But surely that can't really be true either like if I post a selfie on Instagram in London, some guy's Minecraft server in Minnesota can't be receiving that and be like "oh not for me - ignore". It just seems horribly inefficient. But maybe I'm having trouble conceptualising how fast light is? 😅
And based on another answer ITT by FuglyDuck, it would seem that once you've resolved a domain you do send it to a central hub that then resolves subnets until it gets to it's destination, so I can imagine that it does so by physically sending it down "the right cable" as it gets past each layer to get to the final destination via the recepient's ISP, but imagining it as a giant automated telephone switchboard is all my feeble software brain can comprehend it as and that doesn't seem right either.
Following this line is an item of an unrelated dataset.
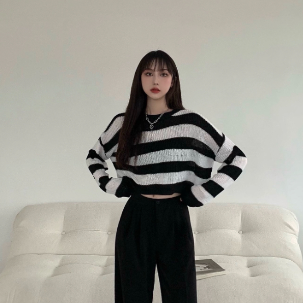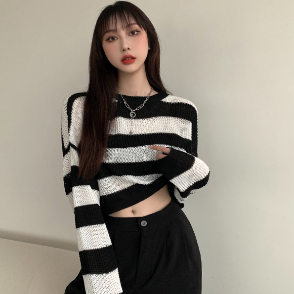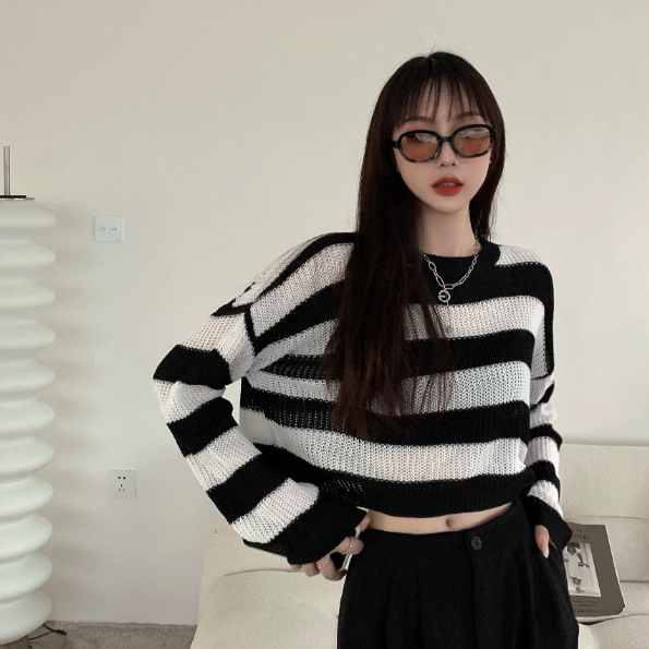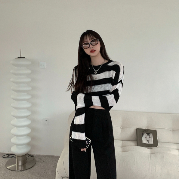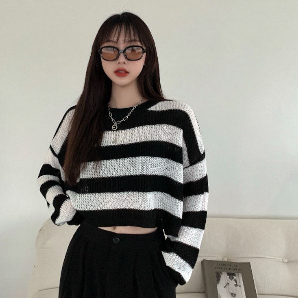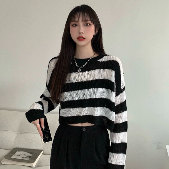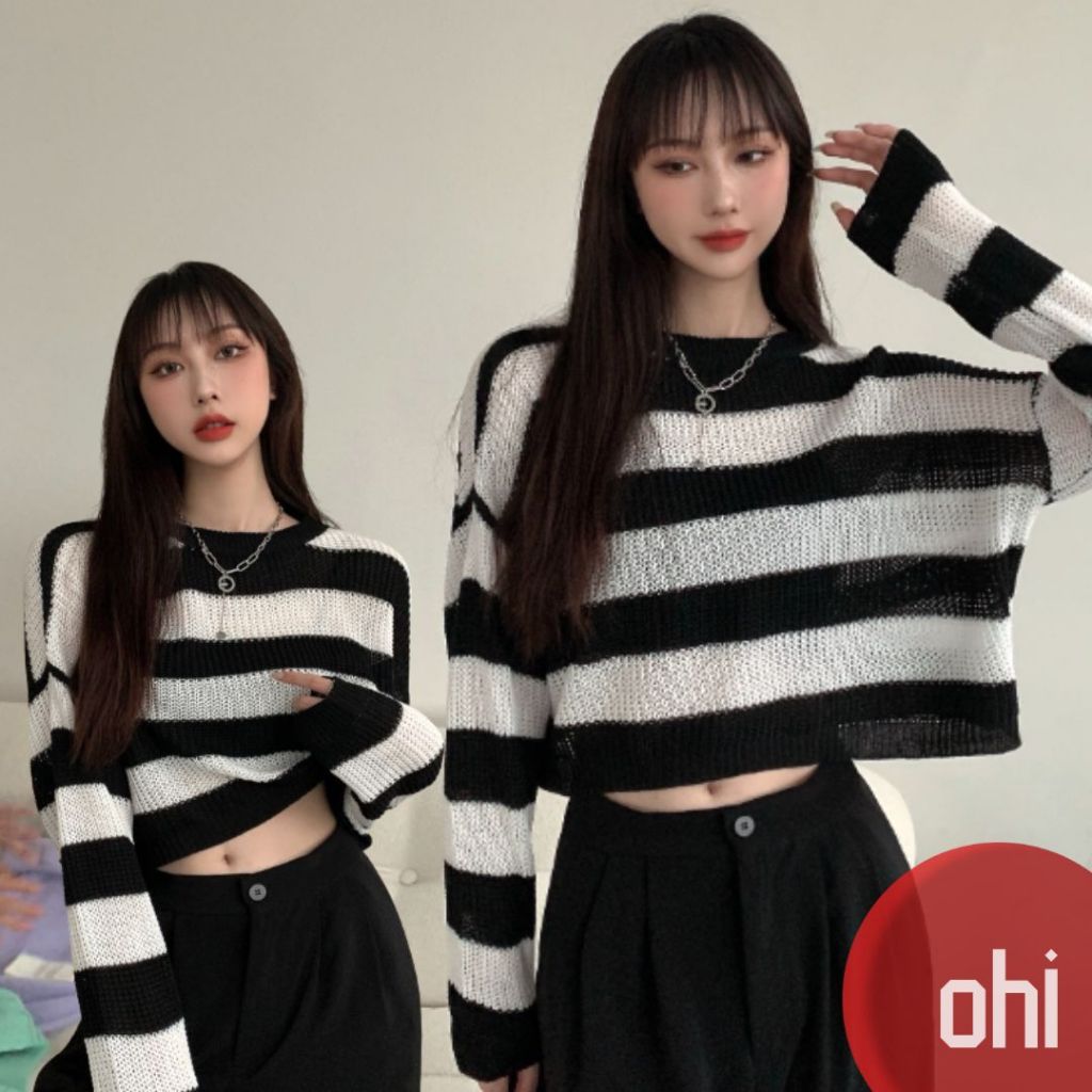 【ohi】條紋針織衫 長袖毛衣 長袖罩衫 洋氣寬鬆短款上衣 休閒百搭 上衣 針織衫 秋款女裝 GWD2585黑白條紋,F-(均碼40-55KG可穿)OHI衣著

~~Edit: well actually network switches do operate on the data link layer, but also not on the physical one?
I guess what I'm trying to say is: if I'm sending a packet to Japan from the UK - once my packet reaches a hub of a first tier ISP, does it just go down every oceanic cable in every direction, or the one that actually is in the direction of Japan?~~
The answer is that yes - the internet is just a telephone switchboard between what amounts to otherwise isolated networks of ISPs and exchange points physically send light down correct cables with switches:
Yes, sorry, I did oversimplify to the local network. On your local network everything is always listening, but absolutely your home router/modem in Kansas does NOT excite some wires in Tokyo unless you tell it to lol.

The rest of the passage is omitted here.